Editor's note: For some terrific interviews with "Deliver Me From Nowhere" author Warren Zanes, read the Boston.com Q&A by Lauren Daley, and listen to another great SetLusting Bruce podcast by Jesse Jackson!
It’s tempting to call Bruce Springsteen’s “Nebraska” a happy accident, but there’s something that seems just a little bit off about that designation; after all, there’s nothing happy about his stark, unrelenting 1982 masterpiece. It might be more accurate to refer to it, to paraphrase his contemporary Elvis Costello, as a “brilliant mistake” — one that is in turn brilliantly explored in Warren Zanes’ wonderful new book on the subject, “Deliver Me From Nowhere.”
Zanes, a New Hampshire native and the guitarist for the 1980s Boston band the Del Fuegos before entering academia — he holds a Ph.D. in visual and cultural studies — knows what it means to be a band guy. He also knows about what it means to break away from a band, which is something that Bruce Springsteen did with “Nebraska,” albeit unintentionally.
The album’s provenance, as a series of home-recorded demos that Springsteen released as-is after unsuccessful attempts to give them the E Street Band treatment, is well-known, certainly in Springsteen lore. But how and why Springsteen unraveled those dark story-songs, and the sheer effort it took to release them in the form they were in, has never been as thoroughly and fascinatingly explored as Zanes does here.
The book is basically an “Everything you ever wanted to know about ‘Nebraska’ but were afraid to ask.” And thankfully, Zanes — in his research, his discussions with artists influenced by the album, and his sit-downs with Springsteen himself — is anything but afraid in plumbing those depths. In particular he lays out how this particular group of tracks, laid down smack dab in the middle of the far more boisterous “Born in the USA” sessions, came to be in the first place.
“I was writing a type of song that I probably would have been embarrassed to sit down and sing in front of the band in the studio,” Springsteen admits to Zanes, discussing the sessions he recorded on a four-track TEAC 144 at a rented house in Colts Neck, New Jersey. “If I’d gone in the studio and just introduced that music in a normal way, I don’t know if ‘Nebraska’ would ever have occurred.”
It was the first of many fortuitous circumstances in the album’s inception chronicled by Zanes — things like Springsteen coming across Terrence Malick's “Badlands” on TV, inspiring the album’s title track. Zanes investigates Springsteen’s discomfort with success coming off “The River,” the period of self-isolation that followed — “for a while none of us even knew where he lived,” E Street drummer Max Weinberg recalls — and the way those things resulted in the least self-conscious work of Springsteen’s career to that point, and maybe since.
“The guy known for laboring over ‘Born to Run,’ ‘Darkness on the Edge of Town,’ ‘“The River,’ a legend in second-guessing himself and perfectionism, wasn’t getting in his own way,” Zane writes. “Because he didn’t know he was making an album.”

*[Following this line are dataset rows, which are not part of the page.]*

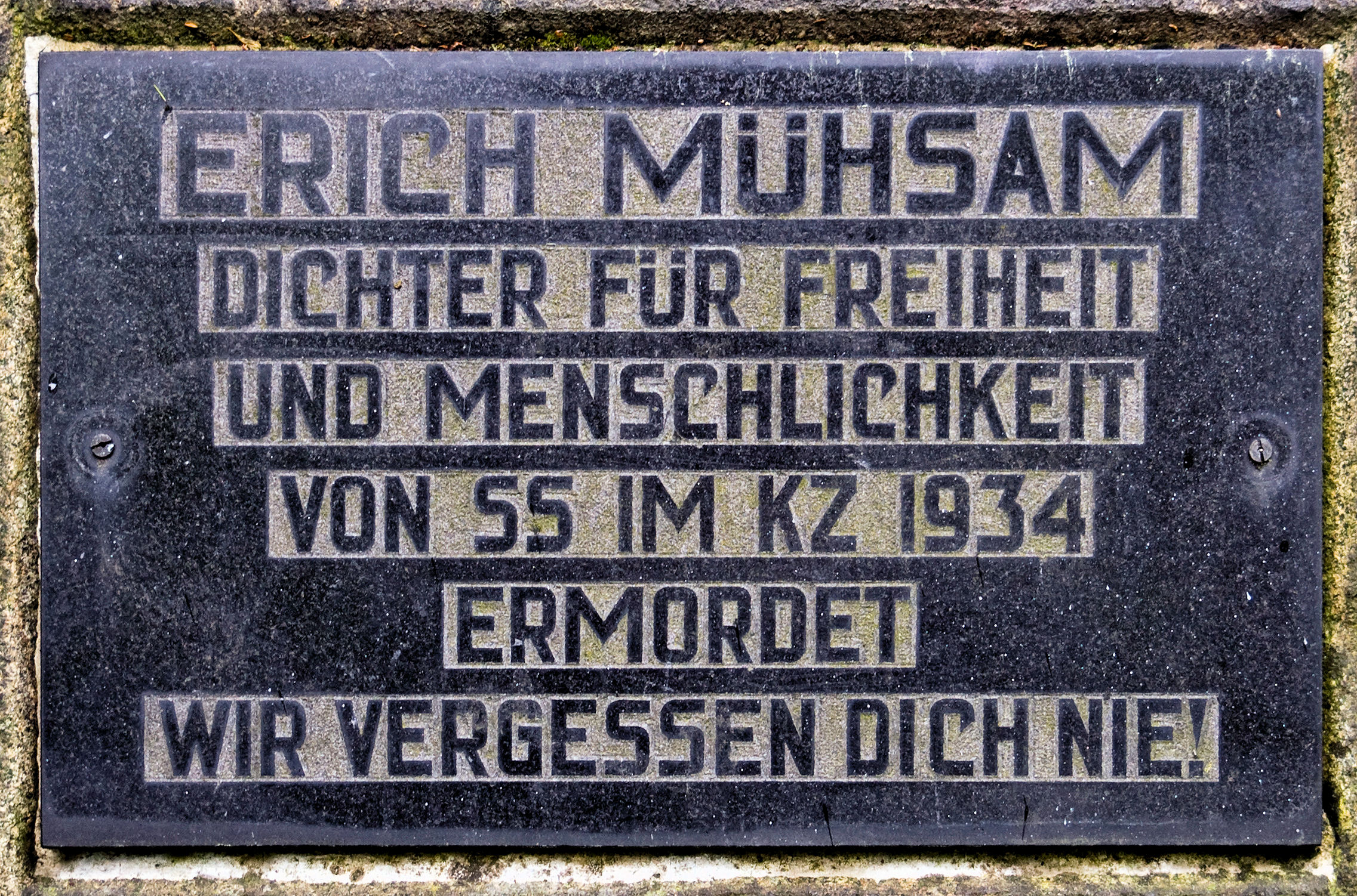 Memorial plaque, Erich Mühsam, Dörchläuchtingstraße 50, Berlin-Britz, Germany Koordinate:52°26′47″N 13°26′50″E / 52.44639°N 13.44722°E
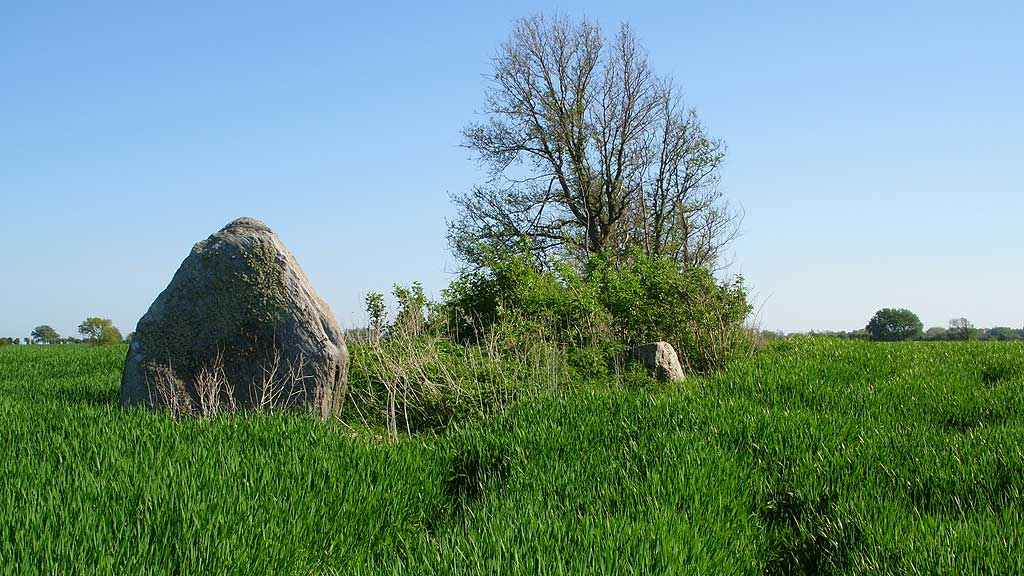 Grossenbrode Huenengrab
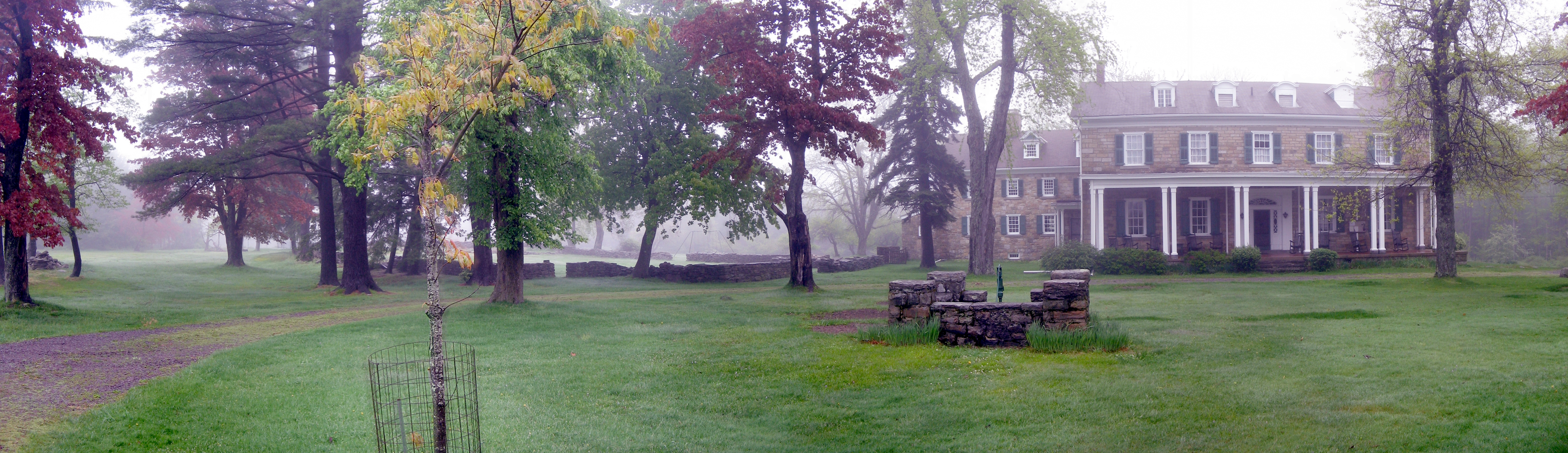 Panormaic view of the west (front) side of the Clemuel Ricketts Mansion, located on Ganoga Lake near Lopez in Colley Township, Sullivan County, Pennsylvania, United States. Built in 1852, the Georgian mansion was added to the National Register of Historic Places on 9 June 1983. 1913 addition is at left of the main house, with the stone walls of the former formal garden left of that.
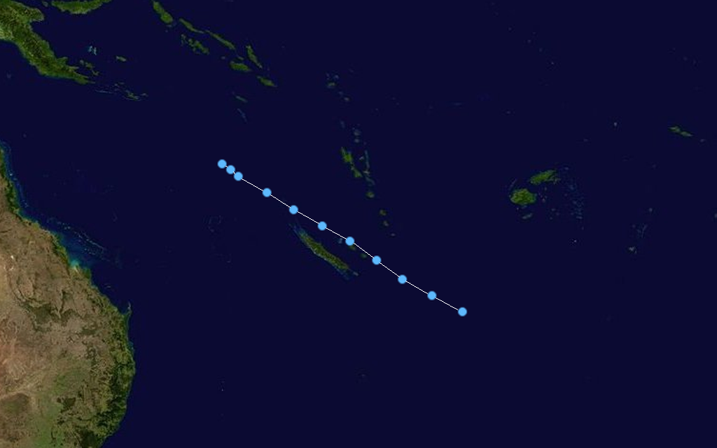 Tropical Depression 15F (2007) track map. Saffir-Simpson Hurricane ScaleTDTS12345
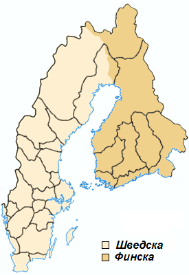 Map of the historical provinces of Sweden and Finland in Macedonian.
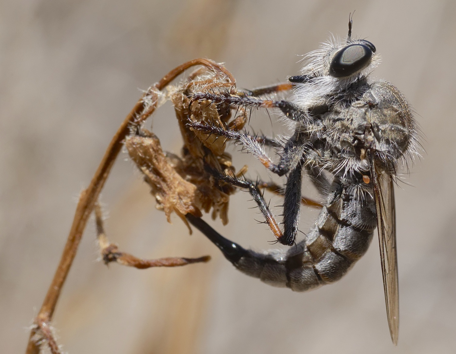 Efferia female using its ovipositor to lay eggs inside dry stems
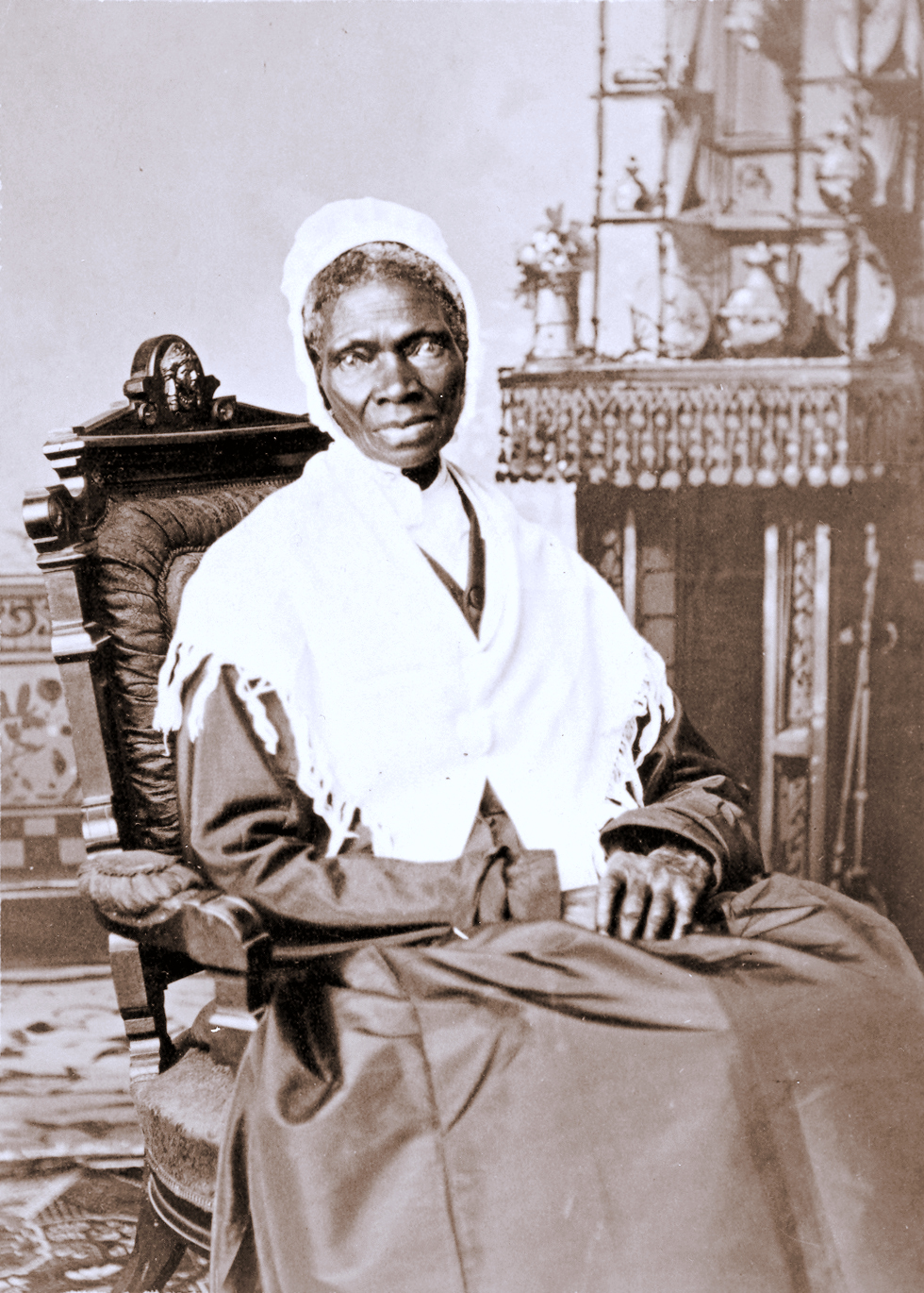 Sojourner Truth, albumen silver print, circa 1870
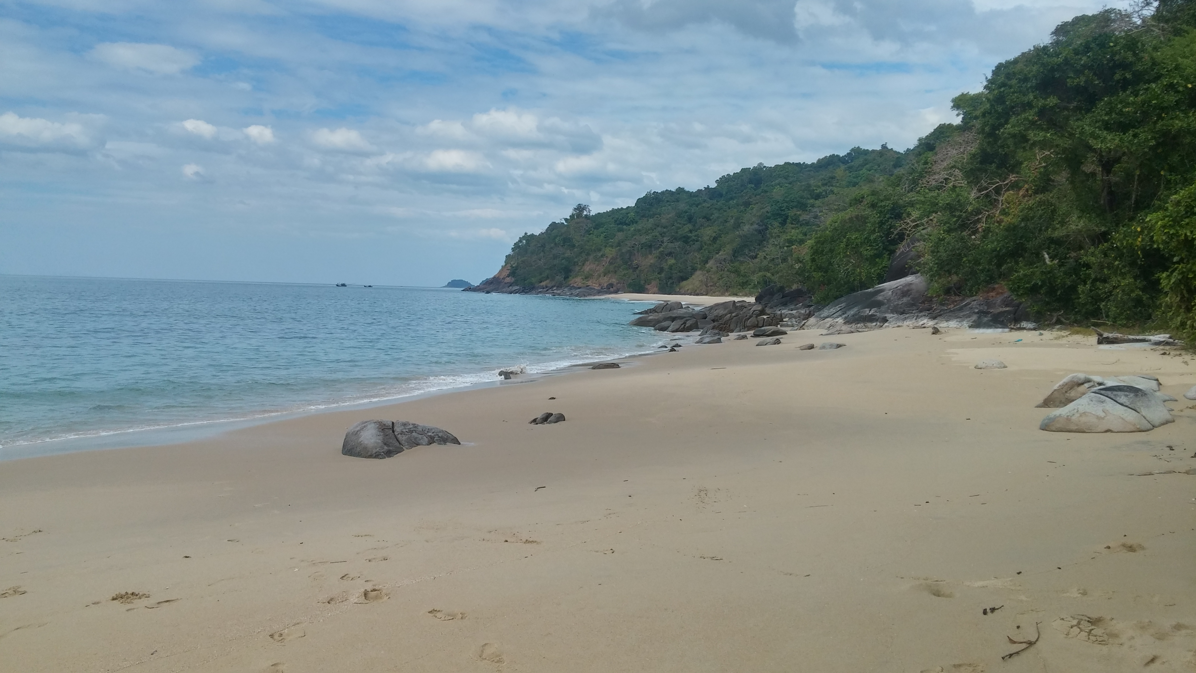 This beach is right north of Teyzit beach. Completely undeveloped as of December 2016
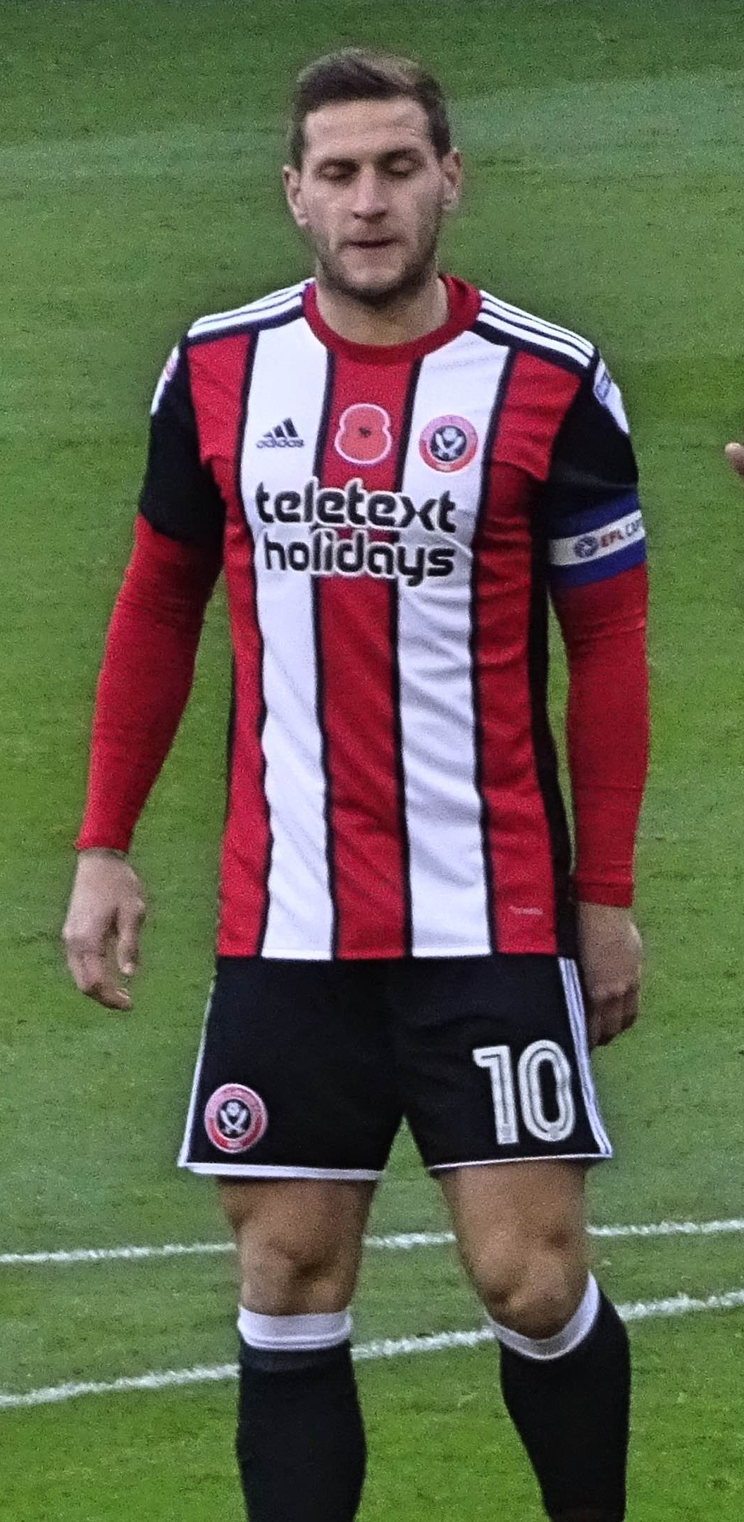 Billy Sharp playing for Sheffield United against Hull City at Bramall Lane, Sheffield on 4 November 2017
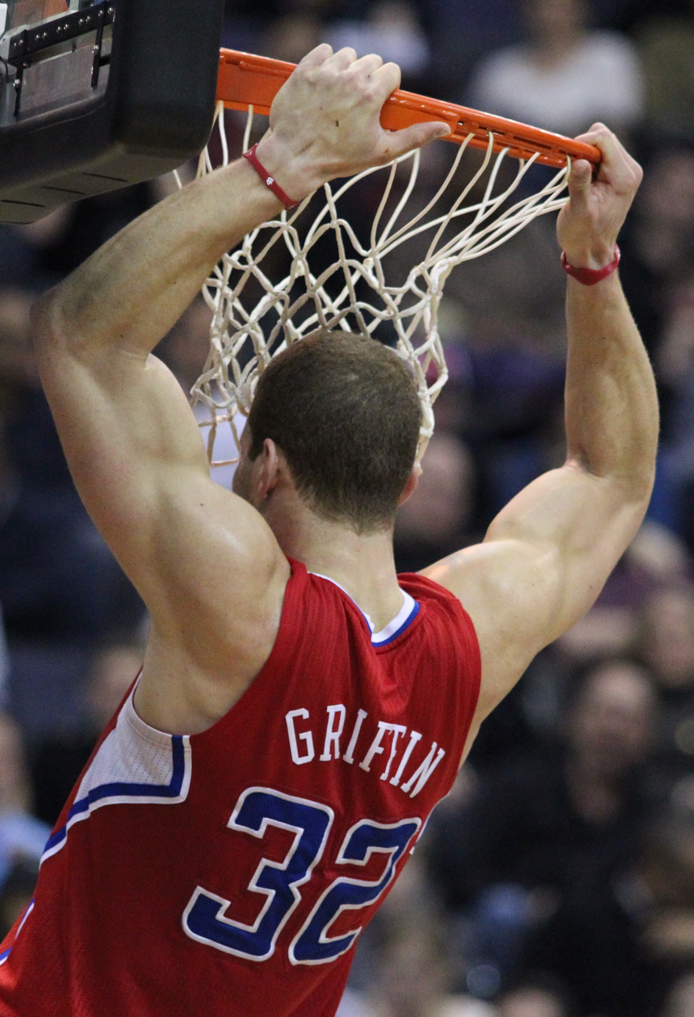 Los Angeles Clippers Blake Griffin during a game against the Washington Wizards at the Verizon Center in Washington on March 12, 2011.
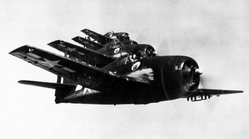 four U.S. Navy Grumman F6F-5 Hellcat from Fighting Squadron VF-4 "Red Rippers" in flight. VF-4 was assigned to Carrier Air Group 4 (CVG-4) aboard the aircraft carriers USS Bunker Hill (CV-17) and USS Essex (CV-9) in late 1944 and early 1945.
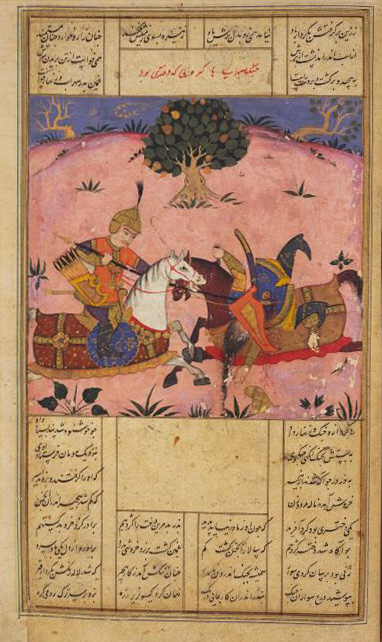 Sohrab fights Gurdafarid

What he was making was something raw, personal, and dark — the tenor of those tracks “concerned me on a friendship level,” Springsteen’s manager Jon Landau told Zanes, who doesn’t shy away from Springsteen’s battle with depression and anxiety during that period.
Beyond the personal, though, are the downright fascinating technical details involved in the multiple aborted attempts to make a “professional” recording of the songs, and in the positively Herculean efforts it took to create something releasable from a cassette you could buy at the corner drug store. “He had it in his pocket, no case,” Zanes writes. “There was lint on it.”
Interwoven among the entire narrative are Zanes’ conversations with Springsteen, throughout which the artist is frank, open, and generous in the details of both his personal and professional life — including an acknowledgement that “Nebraska” was his best work to that time, and “still may be.” Their discussions culminate with a call from Springsteen to Zanes from the house where he’d recorded the album, chronicling an unexpected homecoming of sorts and a fitting close to Zanes’ years-long journey.
It’s a journey we’re lucky to now be able to take with him: In short, anyone interested in how music gets made – both the inspiration and the process — will be fascinated by ”Deliver Me From Nowhere,” an amazing chronicle of one of the most unlikely albums ever recorded. And for students of Springsteen, it’s an absolute must.